# Activity
Records follow. Print exactly the lines from the one that has "Бренд: Lee Cooper" through the one that has "Vaseline Intensive Care", inclusive, and omit the pictures.

# Data extract
• • •
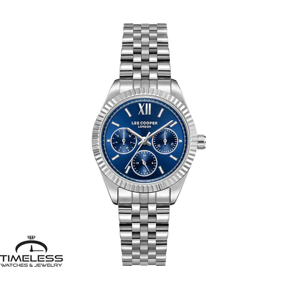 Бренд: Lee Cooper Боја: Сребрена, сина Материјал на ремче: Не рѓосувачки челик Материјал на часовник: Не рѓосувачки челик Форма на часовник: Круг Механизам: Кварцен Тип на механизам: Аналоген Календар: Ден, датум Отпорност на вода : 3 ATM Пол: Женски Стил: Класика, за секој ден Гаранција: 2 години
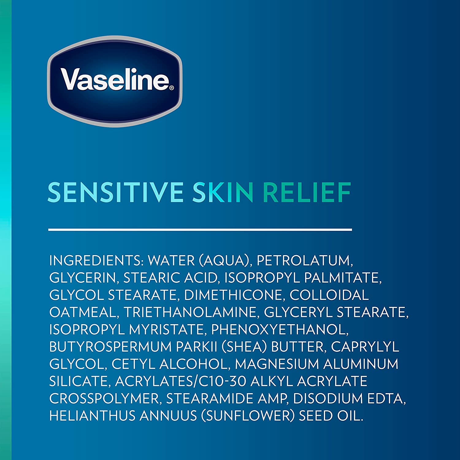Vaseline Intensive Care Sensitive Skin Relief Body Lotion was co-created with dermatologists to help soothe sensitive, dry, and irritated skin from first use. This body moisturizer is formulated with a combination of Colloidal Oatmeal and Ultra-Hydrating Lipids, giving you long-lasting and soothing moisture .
• • •
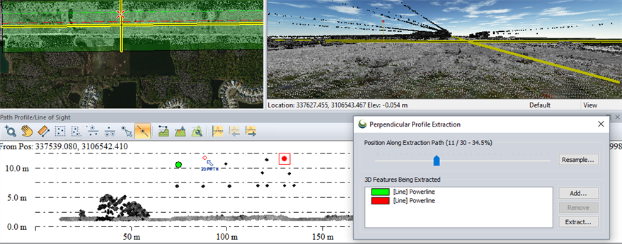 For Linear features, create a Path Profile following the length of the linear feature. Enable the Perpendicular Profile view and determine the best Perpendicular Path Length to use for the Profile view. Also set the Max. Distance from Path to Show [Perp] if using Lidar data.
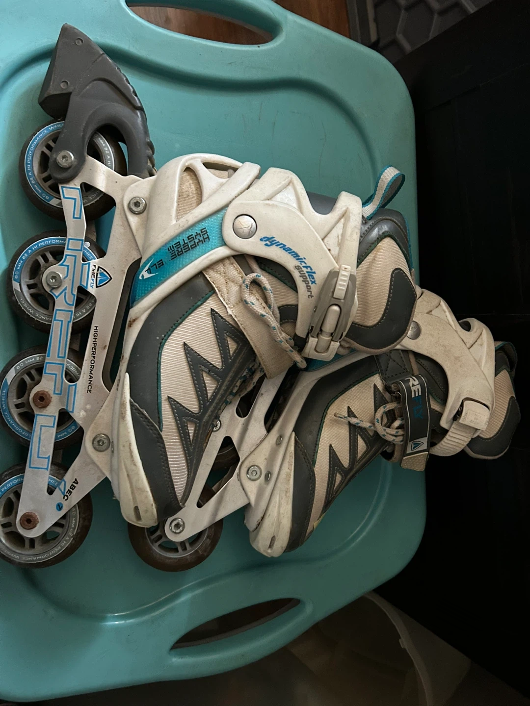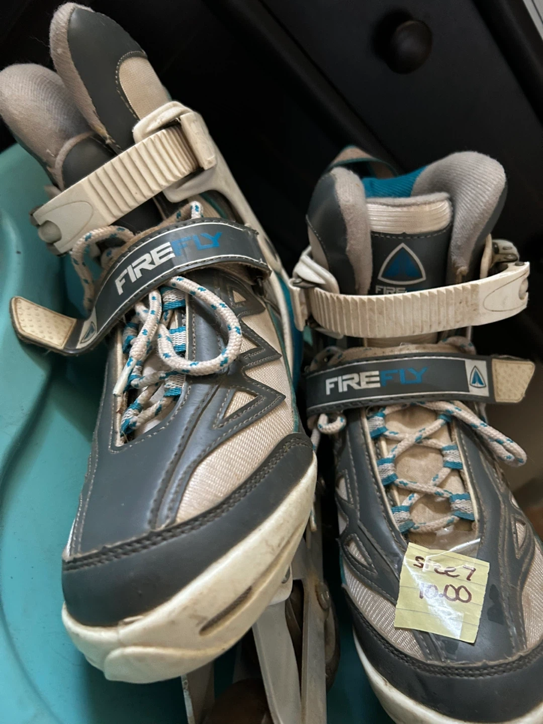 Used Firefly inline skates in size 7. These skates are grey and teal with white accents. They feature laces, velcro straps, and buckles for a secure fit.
• • •
# Completed task
 Бренд: Lee Cooper Боја: Сребрена, сина Материјал на ремче: Не рѓосувачки челик Материјал на часовник: Не рѓосувачки челик Форма на часовник: Круг Механизам: Кварцен Тип на механизам: Аналоген Календар: Ден, датум Отпорност на вода : 3 ATM Пол: Женски Стил: Класика, за секој ден Гаранција: 2 години
Vaseline Intensive Care Sensitive Skin Relief Body Lotion was co-created with dermatologists to help soothe sensitive, dry, and irritated skin from first use. This body moisturizer is formulated with a combination of Colloidal Oatmeal and Ultra-Hydrating Lipids, giving you long-lasting and soothing moisture .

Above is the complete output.